Without any images, write the data out exactly as it appears.

===== DATA BLOCK

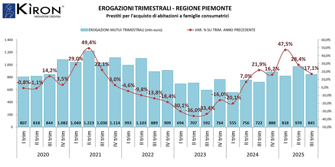 Torino ha erogato volumi per 535,9 mln di euro, la variazione sul trimestre è pari a +20,1%. I primi nove mesi dell’anno hanno evidenziato volumi per 1.664,9 mln di euro e una variazione pari a +31,3%.
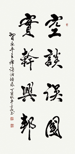 凭借深醇的涵养,专注的研习,牛芳茂先生在严谨而稳健中不断探索着承古之继,亦在与时俱进中追求着化变之新。其笔墨彰显出酣畅意足,跳宕奔突之磅礴气势。其字势之欹侧险劲、姿态多变、遒劲姿媚、纵敛自如,呈现出蓬勃的艺术生命力,形成鲜明的“牛氏书风”。
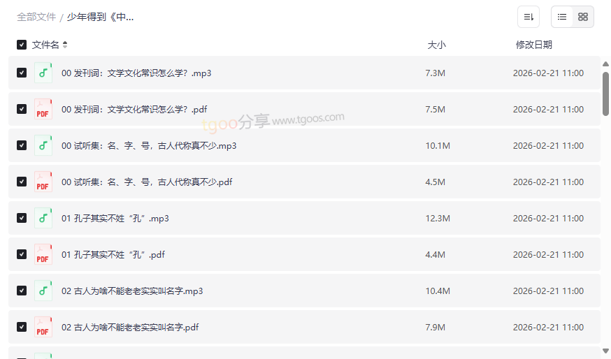 无论是用于日常积累、考前复习,还是作为通识教育的兴趣启蒙,这份 高质量、体系完整的音频课程资源 都能让学习过程变得像听故事一样轻松愉快,实现知识点的长效记忆。
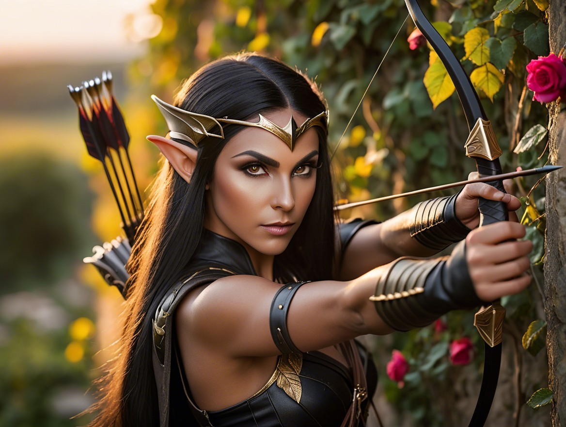 A fierce archer with long black hair and pointed ears draws a bow, adorned in intricate armor. Roses accent her surroundings, creating a striking blend of beauty and strength in a lush setting.

==========

**OUTPUT OF THE EXERCISE:**
 Torino ha erogato volumi per 535,9 mln di euro, la variazione sul trimestre è pari a +20,1%. I primi nove mesi dell’anno hanno evidenziato volumi per 1.664,9 mln di euro e una variazione pari a +31,3%.
 凭借深醇的涵养,专注的研习,牛芳茂先生在严谨而稳健中不断探索着承古之继,亦在与时俱进中追求着化变之新。其笔墨彰显出酣畅意足,跳宕奔突之磅礴气势。其字势之欹侧险劲、姿态多变、遒劲姿媚、纵敛自如,呈现出蓬勃的艺术生命力,形成鲜明的“牛氏书风”。
 无论是用于日常积累、考前复习,还是作为通识教育的兴趣启蒙,这份 高质量、体系完整的音频课程资源 都能让学习过程变得像听故事一样轻松愉快,实现知识点的长效记忆。
 A fierce archer with long black hair and pointed ears draws a bow, adorned in intricate armor. Roses accent her surroundings, creating a striking blend of beauty and strength in a lush setting.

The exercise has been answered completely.